Anyone know when the race will be on TV?:dunno:


----------



## Alex Baumann (Dec 19, 2001)

StahlGrauM3 said:


> *Anyone know when the race will be on TV?:dunno: *


I don't know if it's going to be broadcasted in the USA.

I hope they do 

It is on Saturday

at 3:00pm CET (Central European Time)
9:00am on the East Coast
6:00am on the West Coast


----------



## WILLIA///M (Apr 15, 2002)

StahlGrauM3 said:


> *Anyone know when the race will be on TV?:dunno: *


It doesn't show up on a search at speedtv.


----------



## Seneca (Feb 13, 2003)

Here's a German website with some good photos of the car and the happenings at the Nordschleife:

http://www.nurburgring.de/

I spoke with both Boris and Hans at Lime Rock and they are feeling pretty confident about the race. Hans said the biggest problem is the amount of cars, and the fact that many of the drivers don't know the 'Ring very well - especially for driving in the dark.
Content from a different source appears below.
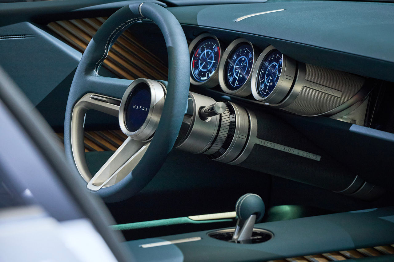 MAZDA VISION X-COUPEでは、ドアを開けた瞬間にドライバビリティを感じさせる3連メーター、ステアリング、シフトが際立つコクピット空間がポイント。運転により没入できるような新しいマツダのインテリアを目指しました。苦労したのは『継承と進化=ネオ・オーセンティック』をインテリアでどう表現するかでした。継承の面では、シンプルで運転に集中できる基本骨格にこだわり、進化については、サスティナブル素材、表面処理などが専門のCMFデザイナー(CMF:カラー/マテリアル/フィニッシュ(表面処理))に加えてインターフェースデザイナーとも共創し、人の感覚に沿った空間演出を目指して検証を重ねました。結果として新しい時代の価値観やニーズ、デジタライズされた要素をインテリア空間に取り入れることができ、『継承と進化』という課題をチームで乗り越えられたと思います。

Boris is pretty comfortable with the track layout now, but is hoping that it doesn't rain.


----------



## TGray5 (Jan 22, 2002)

Last year, Speed broadcast it in a one hour special, a long time after the race


----------



## GimpyMcFarlan (Aug 13, 2002)

*Hmmmm...*

Doesn't Speed have a live call in show late Friday nights hosted by Dave Despain called Wind Tunnel? Maybe we should all call in / e-mail in about why it is not being broadcast! I can understand why it isn't live since there is an F1 race this weekend, but it should at least be on tape delay sometime this weekend.


----------



## TGray5 (Jan 22, 2002)

*Re: Hmmmm...*



GimpyMcFarlan said:


> *Doesn't Speed have a live call in show late Friday nights hosted by Dave Despain called Wind Tunnel? Maybe we should all call in / e-mail in about why it is not being broadcast! I can understand why it isn't live since there is an F1 race this weekend, but it should at least be on tape delay sometime this weekend.  *


Good idea Gimpy...just sent SpeedTV an email through their feedback section of their website....everyone take a moment to do same! I also requested that they play the Speed World Challenge races sooner.


----------



## F1Crazy (Dec 11, 2002)

I'm sure they will show some highlights few weeks later, I guess we'll have to enjoy regular portion of Nascar till then...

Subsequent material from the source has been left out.